# DS-NYC-45 | Unit Project 3: Basic Machine Learning Modeling

In this project, you will perform a logistic regression on the admissions data we've been working with in Unit Projects 1 and 2.

In [1]:
import os

import numpy as np
import pandas as pd
pd.set_option('display.max_rows', 10)
pd.set_option('display.max_columns', 10)
pd.set_option('display.notebook_repr_html', True)

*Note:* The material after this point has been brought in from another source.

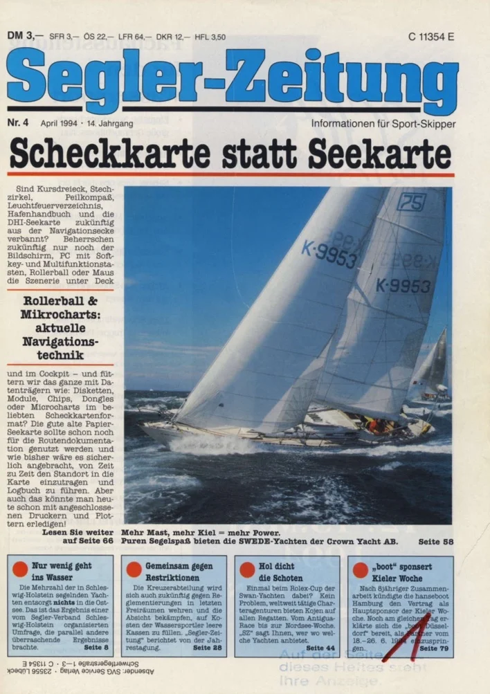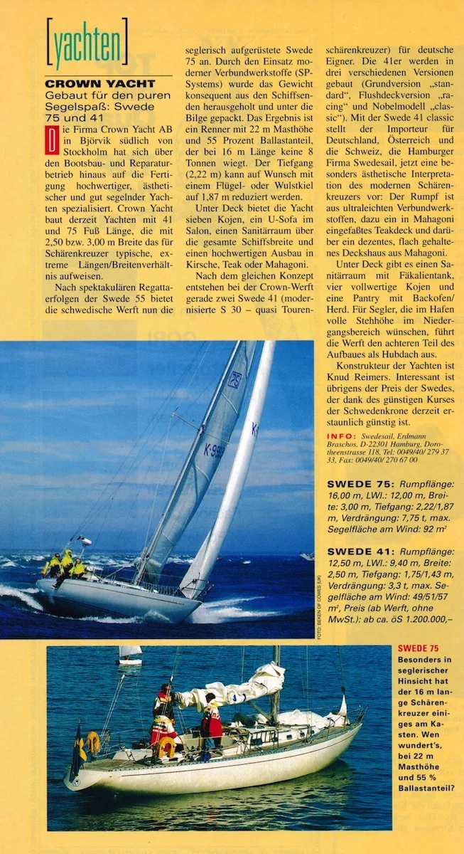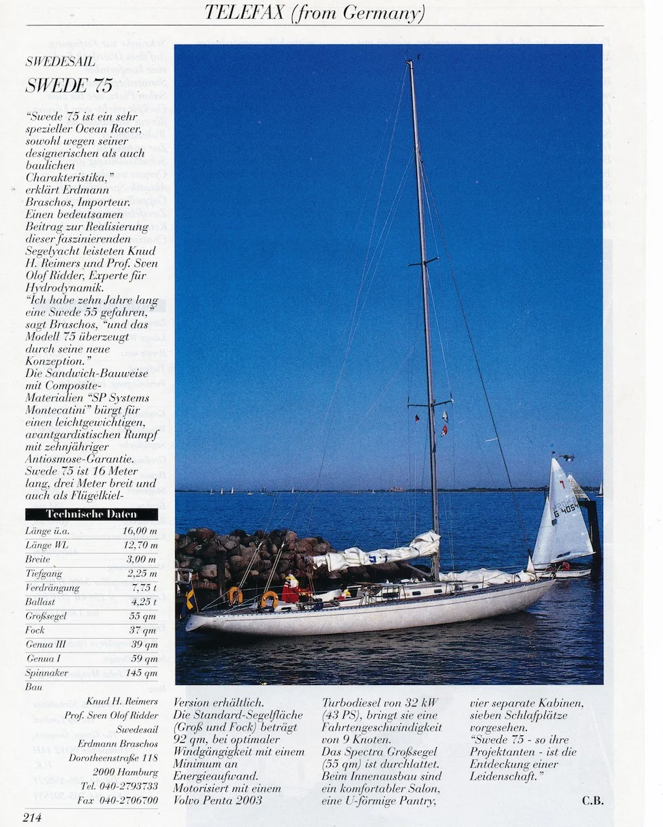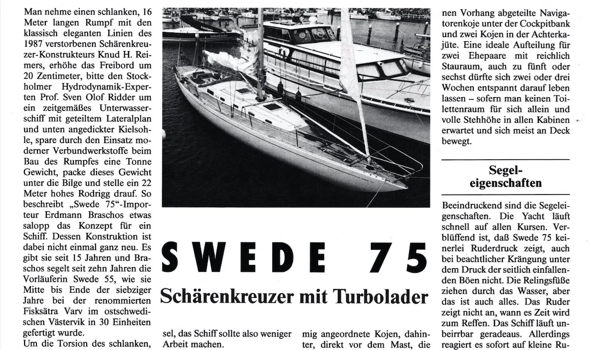 Swede 75 führte 1991 zur Gründung von Swedesail. Im Mai 1992 hatte ich Gelegenheit, das Schwesterschiff namens Niña vor Schilksee in der Kieler Förde und vor Warnemünde mit Interessenten zu segeln. Ein faszinierendes Schiff, das bereits bei leichten Wind beeindruckend läuft, gewissermaßen eine Swede 55 mit Turbolader.

import statsmodels.formula.api as smf

from sklearn import linear_model

In [2]:
df = pd.read_csv(os.path.join('..', '..', 'dataset', 'ucla-admissions.csv'))
df.dropna(inplace = True)

df

Unnamed: 0,admit,gre,gpa,prestige
0,0,380.0,3.61,3.0
1,1,660.0,3.67,3.0
2,1,800.0,4.00,1.0
3,1,640.0,3.19,4.0
4,0,520.0,2.93,4.0
...,...,...,...,...
395,0,620.0,4.00,2.0
396,0,560.0,3.04,3.0
397,0,460.0,2.63,2.0
398,0,700.0,3.65,2.0


## Part A.  Frequency Table

> ### Question 1.  Create a frequency table for `prestige` and whether or not an applicant was admitted.

In [3]:
# TODO
prestige_group = df.groupby("prestige")
prestige_group["admit"].value_counts()

prestige  admit
1.0       1        33
          0        28
2.0       0        95
          1        53
3.0       0        93
          1        28
4.0       0        55
          1        12
Name: admit, dtype: int64

## Part B.  Variable Transformations

> ### Question 2.  Create a one-hot encoding for `prestige`.

In [4]:
# TODO
prestige_one_hot = pd.get_dummies(df["prestige"])
prestige_one_hot

Unnamed: 0,1.0,2.0,3.0,4.0
0,0.0,0.0,1.0,0.0
1,0.0,0.0,1.0,0.0
2,1.0,0.0,0.0,0.0
3,0.0,0.0,0.0,1.0
4,0.0,0.0,0.0,1.0
...,...,...,...,...
395,0.0,1.0,0.0,0.0
396,0.0,0.0,1.0,0.0
397,0.0,1.0,0.0,0.0
398,0.0,1.0,0.0,0.0


> ### Question 3.  How many of these binary variables do we need for modeling?

Answer: 3

> ### Question 4.  Why are we doing this?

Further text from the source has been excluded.